Selain itu, Evan juga menyinggung langkah pemerintah Indonesia yang ingin memperbanyak nelayannya melaut di perairan terluar RI tersebut. Ia menganggap kebijakan itu bisa menegaskan klaim Indonesia terhadap Natuna Utara.
"Namun masalahnya adalah pengerahan nelayan-nelayan dari pulau lain, seperti Pulau Jawa, ke Natuna hanya akan memperkecil peluang nelayan lokal sehingga mereka bisa merasa tersudut. Selain itu, Indonesia juga tidak punya cukup anggaran untuk bisa membiayai para nelayan Pulau Jawa untuk bolak-balik melaut di Natuna Utara," ujar Evan.
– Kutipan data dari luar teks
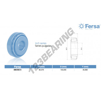 Het Kegellager, bekend als het 598-593X-ASFERSA ASFERSA, heeft een binnendiameter van 92.075 mm, een buitendiameter van 150 mm en een dikte van 35.992 mm.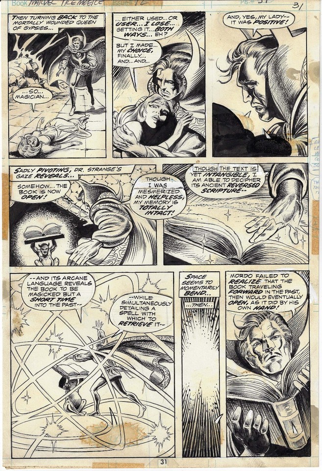 FRANK BRUNNER DOCTOR STRANGE #1 1ST ISSUE ACTION PAGE! (1974, DOCTOR STRANGE ATTACKED BY THE SILVER DAGGER)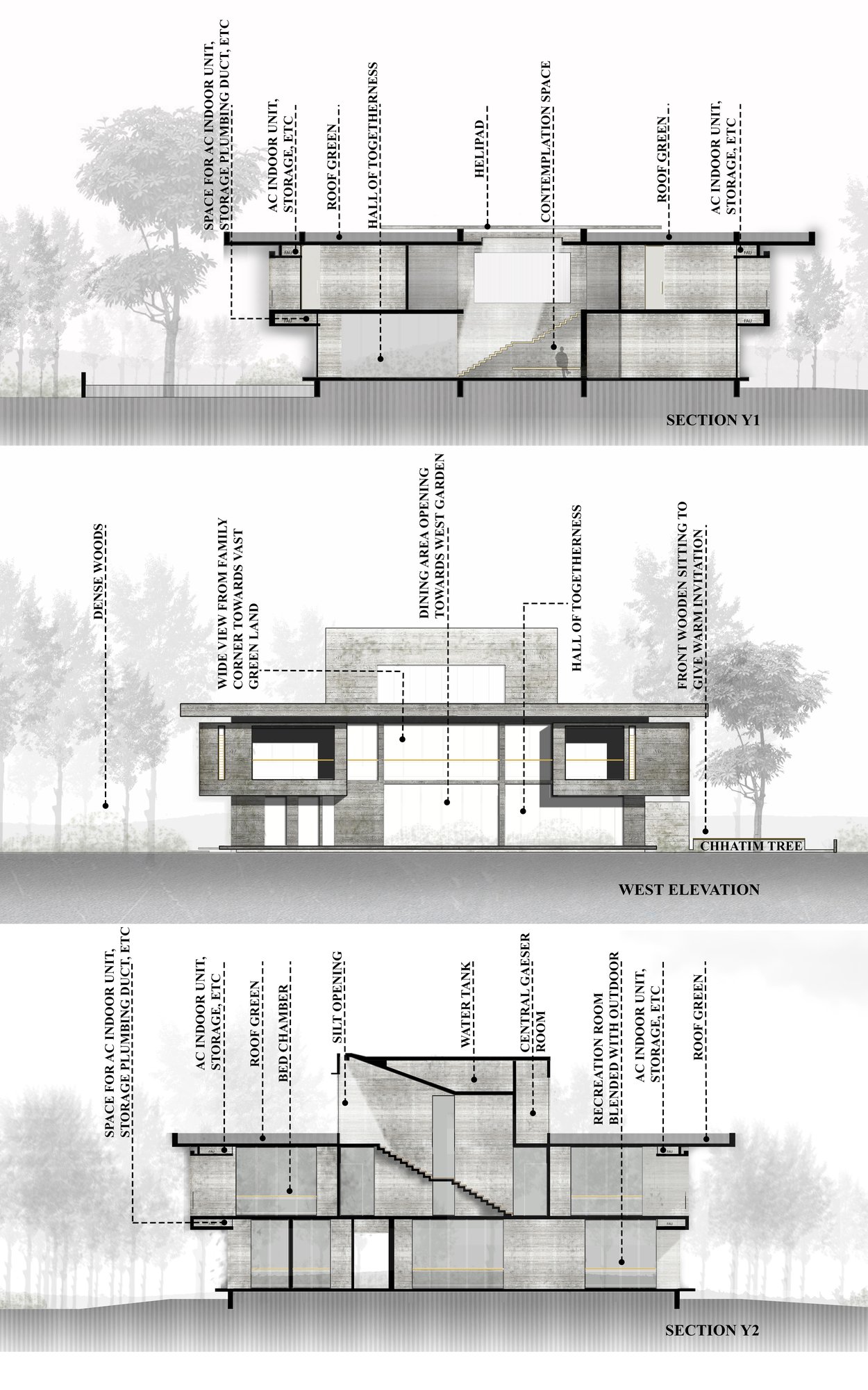 ROUGH WOODEN TEXTURED CONCRETE is selected as the primary material for its expected positive ageing characteristic. It blends with the earth as well as complements with the green surroundings. The sun plays over the rough texture whole day and creates lively exterior and interior spaces. Low maintenance is also a factor for choosing the material. Singularity is expected to be achieved by the use of concrete as floor, as walls and finally roof.
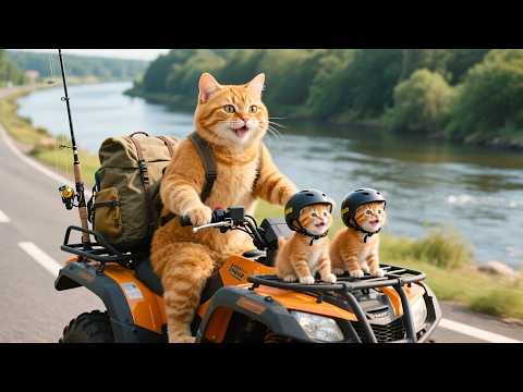 Papai gato leva gatinhos ruivos para pescar - Momentos hilários de acamp...
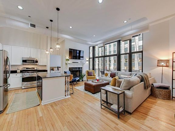 This is River North living-light, bright, and elevated. Welcome to an expansive 2-bedroom, 2-bath loft at the iconic Union Square Lofts, with effortless city energy.Oversized, sun-filled, and thoughtfully updated, this residence delivers space, style, and an unbeatable location-just steps from the Merchandise Mart, Bavette's,The Gilt Bar, and Chicago's most buzzed-about dining, shopping, and nightlife. Inside, 11-foot ceilings and walls of west-facing windows fill the home with natural light and a golden-hour glow, creating an open, airy vibe that feels both cozyand sophisticated. Hardwood floors, soft neutral tones, and a sleek gas fireplace anchor the living and dining areas, striking the perfect balance between warmthand brightness-ideal for entertaining, relaxing, or working from home. The bright white kitchen keeps things clean and modern with premium stainless-steel appliances, countertops, and ample storage-beautiful, functional, and made for real life. Both bathrooms have been stylishly updated, offering spa-inspired finishes and a calm, contemporary feel. A flexible second bedroom easily adapts as a guest suite, home office, or creative space, featuring a custom bookcase and a full bath accessible from both the bedroom and main living area. Step out to your private balcony for morning coffee, sunset moments, or a dose of River North energy. Additional highlights include in-unit laundry and oneheated garage parking space-because ease is part of the luxury. Union Square Lofts is one of River North's most desirable full-service buildings, offering 24-hour door staff, a newly renovated gated courtyard, on-site drycleaning, a receiving room, a full-time engineer, a dog run, bike storage, and more. Assessments include nearly everything except electricity, making city livingrefreshingly low-maintenance. Light-filled. Cozy. Fresh. Perfectly located.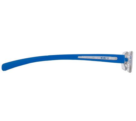 Includes three pairs of reading glasses in black, blue, and white; and three matching soft cases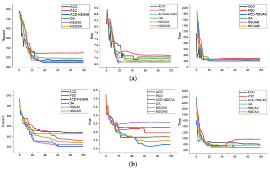 Comparison of ACD-NSGA-II and other algorithms. (a) Scenario 1, (b) Scenario 2.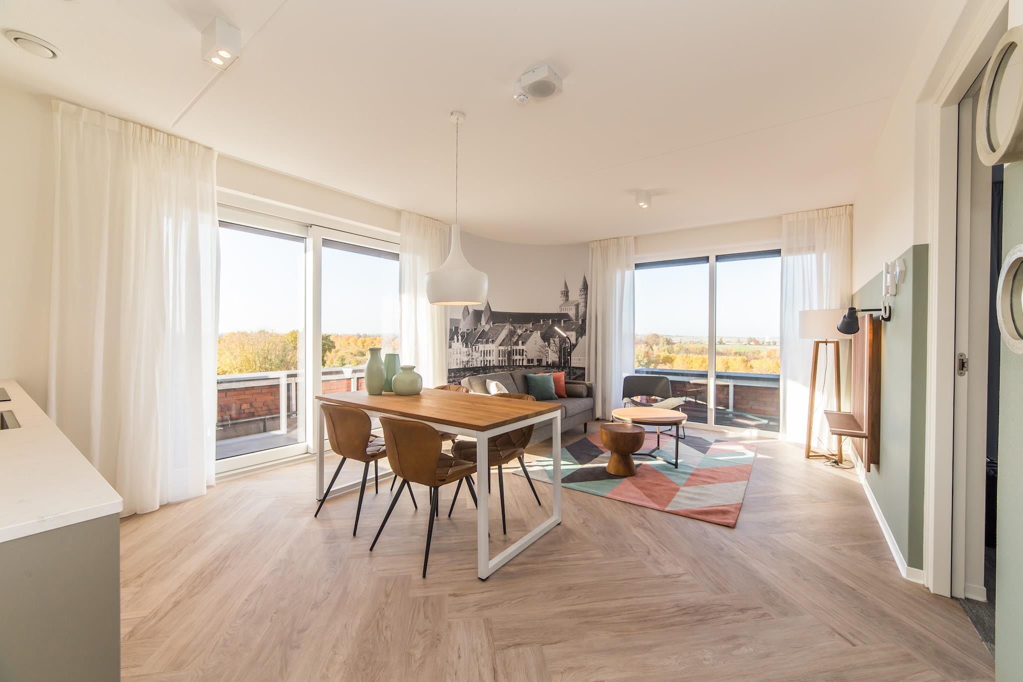 Panoramic Comfort in a 4-Star Hotel Setting Welcome to your sky-high retreat in the luxurious "De Prins van Oranje" hotel, perched within the lush Resort Maastricht. Located on the 4th floor or higher, this stylish panorama apartment offers sweeping views of the Belgian-Limburg countryside. Just 4 km from the vibrant city center of Maastricht, you'll enjoy the best of both worlds—peaceful surroundings and urban access. For a dining experience above the clouds, head to Rantree on the top floor, where skyline views meet culinary excellence. Spacious Living with Elegant Touches This thoughtfully designed apartment features two serene bedrooms and two modern bathrooms, making it ideal for couples, friends, or families. The open-plan kitchen is fully equipped for your culinary needs, and the inviting living room opens to a private balcony or terrace—perfect for morning coffee or an evening glass of wine. With tasteful décor, two TVs, and hotel amenities like elevators and central parking, every detail is in place for a comfortable stay. Bring Your Pet & Explore Together Yes—your furry companions are welcome too! Stroll with your dog along scenic Dousberg trails, relax at nearby pet-friendly cafés, or visit the off-leash zones in Maastricht’s city parks. Whether you’re sipping wine at a local terrace, hiking with your pup, or soaking up panoramic sunsets, this apartment offers an unforgettable stay—for you and your four-legged friend.

Lebih lanjut, Evan menganggap bahwa respons pemerintah Indonesia sejauh ini tidak cukup kuat untuk menghadapi tantangan China di Laut China Selatan, terutama Natuna Utara.
Meski Kementerian Luar Negeri RI berkeras bahwa Jakarta tak memiliki sengketa wilayah di Laut China Selatan, Evan menganggap Indonesia tetap terancam dengan manuver Beijing di Natuna Utara.
Karena itu, menurutnya, pemerintah Indonesia harus mulai memperluas opsi strategis dalam menangani China, terutama terkait klaimnya atas Laut Natuna Utara.
"Indonesia harus segera mempertimbangkan opsi strategis yang lebih luas, tidak hanya melalui diplomatik, tapi juga posisi strategisnya, termasuk menyelaraskan posisi strategis seluruh instrumen negara terkait saat krisis terjadi," ujar Evan.